ABC. SÁBADO 14 DE ABRIL DE 1962, EDICIÓN DE LA MAÑANA. PAG. 61

HAN SIDO CLAUSURADOS LOS COLOQUIOS DE ACCIÓN SOCIAL PATRONAL

Continúan las reuniones del Consejo Oleícola Internacional

Ayer fueron clausurados los coloquios que han venido celebrándose en la Cámara de Industria de

Madrid, organizados por acción Social Patronal, acerca de "La organización de las empresas con vistas a

la integración internacional y al desarrollo económico nacional". Intervinieron como ponentes en la

última jornada el procurador en Cortes, D. Juan José Rovira Sánchez-Herrero, que desarrolló el tema "La

organización de la Administración pública y la organización de las empresas" y el R. P. Sánchez- Gil, S.

J., quien habló sobre "Problemas éticos de la organización de las empresas".
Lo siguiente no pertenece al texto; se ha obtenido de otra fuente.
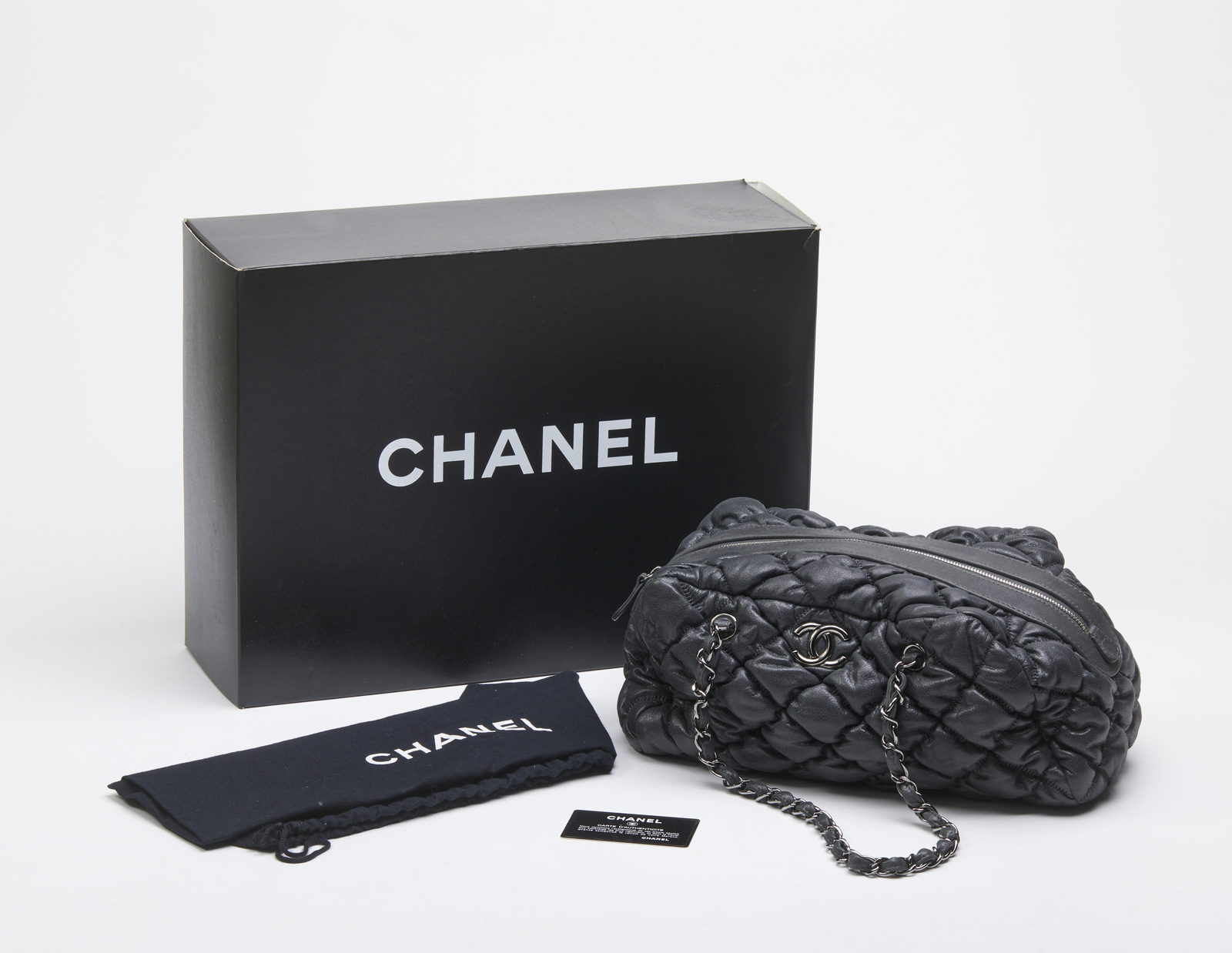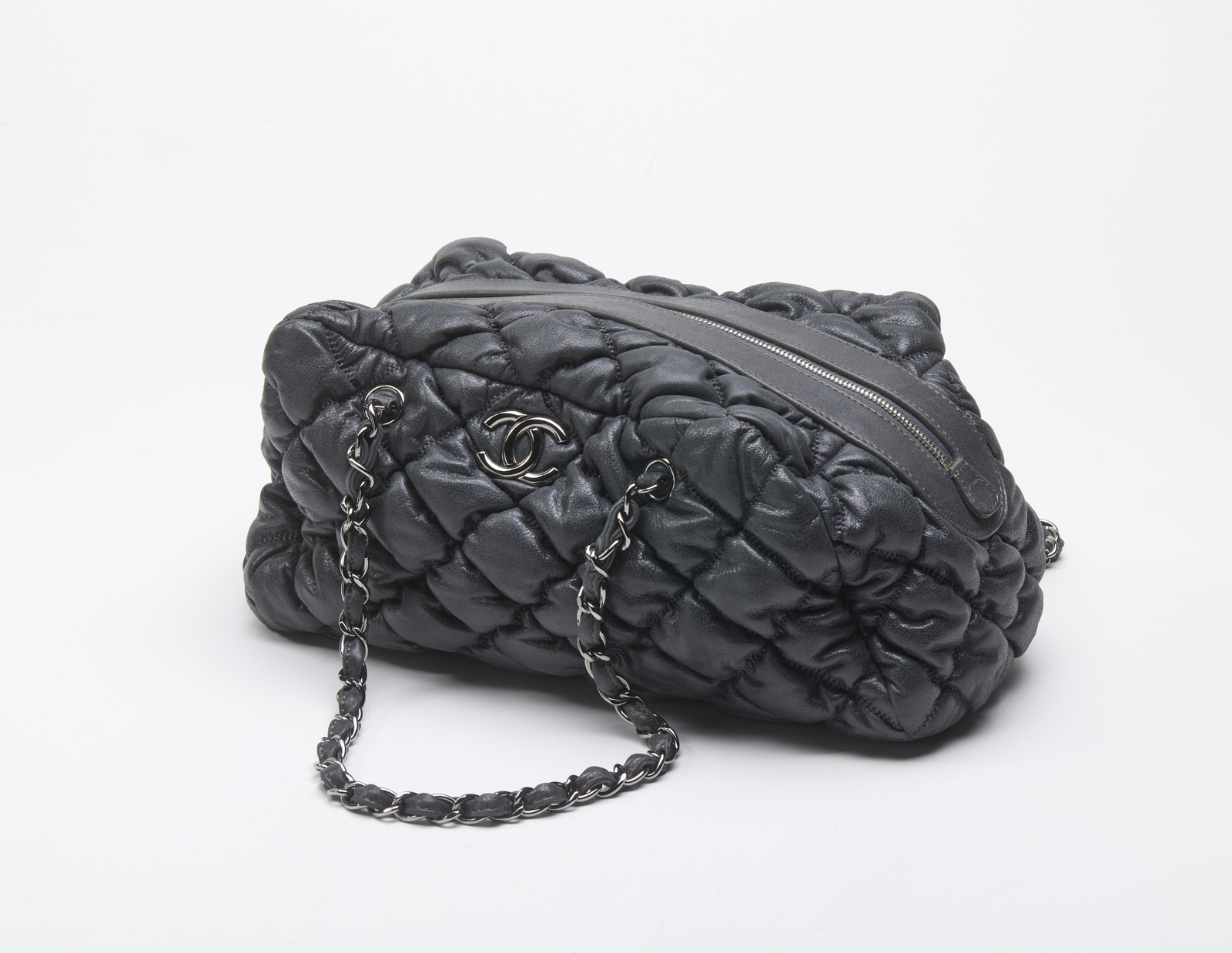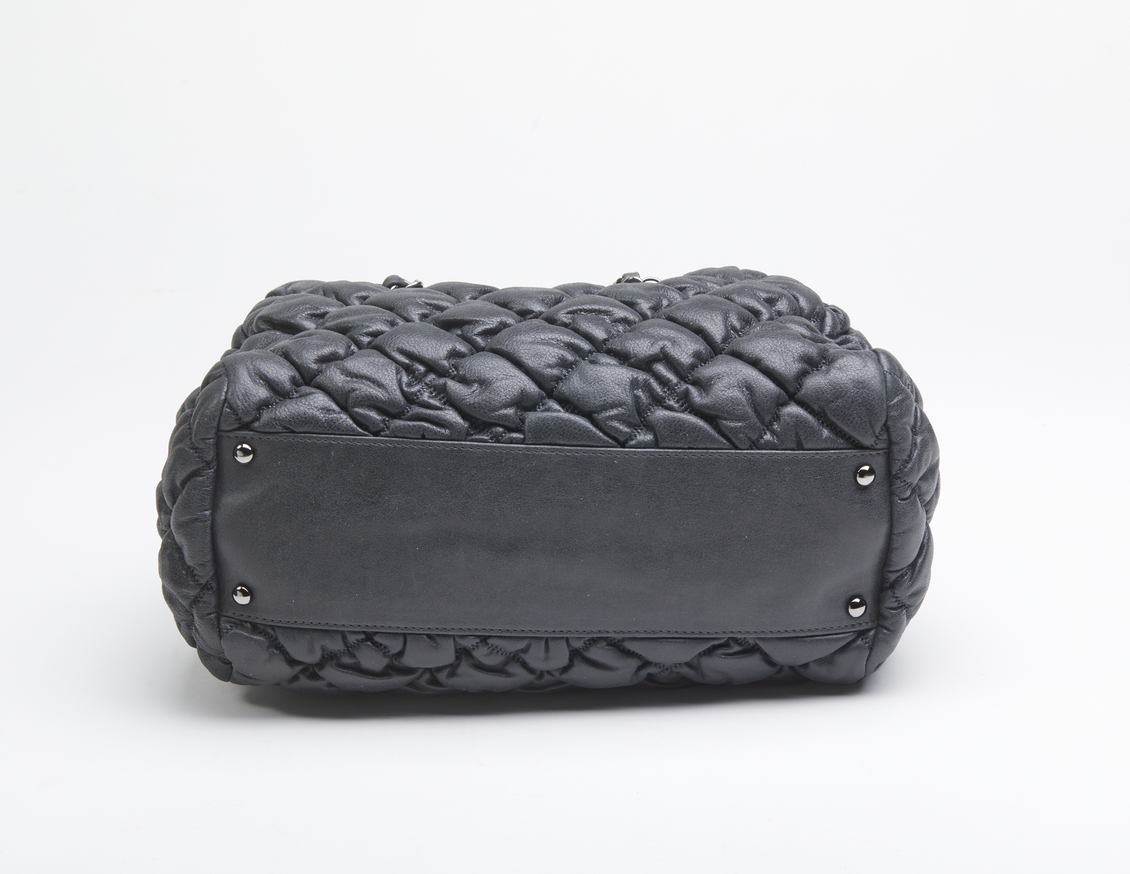 CHANEL Chanel Paris-Moscou Bubble Quilted Bowler bag. 2009. Pelle. Cm 32,00 x 17,00 x 19,00. Borsa Chanel vintage, pre-fall 2009, direzione artistica Karl Lagerfeld, in pelle grigia scura/nera trapuntata e dettagli logo CC e catena in metallo argentato. Modello Paris-Moscou Bubble Quilted Bowler bag. Dustbag.

El Sr. Rovira trató—entre otras cosas-del papel que, a su juicio, debe corresponder a la Administración

pública respecto de la empresa, y del que, a su vez, debe desempeñar la empresa en la organización de la

Administración. Opinó que el instrumento legal básico que la Administración utilizará para poner en

práctica la. decisión de entrar en el Mercado Común será, en su día, el propio Convenio de asociación con

la Comunidad, pues, según nuestro sistema jurídico, los tratados internacionales tienen "per se" fuerza de

ley y adquieren tal carácter mediante su mera publicación. Por lo que se refiere´´ al desarrollo económico

nacional, describió las medidas que, a su juicio, corresponderá probablemente desarrollar a la

Administración pública respecto a la empresa.Desde el punto de vista interno, debe facilitar la creación de

un mercado de capitales donde el empresario pueda hallar los recursos que necesite; hoy no tenemos un

verdadero mercado de capitales en el sentido europeo, pero la Ley de Ordenación Bancaria se propone

crearlo. También debe facilitar la creación de una mano de obra especializada y fluyente, dando la

oportunidad al trabajador para que elija los puestos de trabajo que quiera y donde quiera, única manera de

hacer de él un hombre verdaderamente libre y de resolver en su raíz el problema del despido.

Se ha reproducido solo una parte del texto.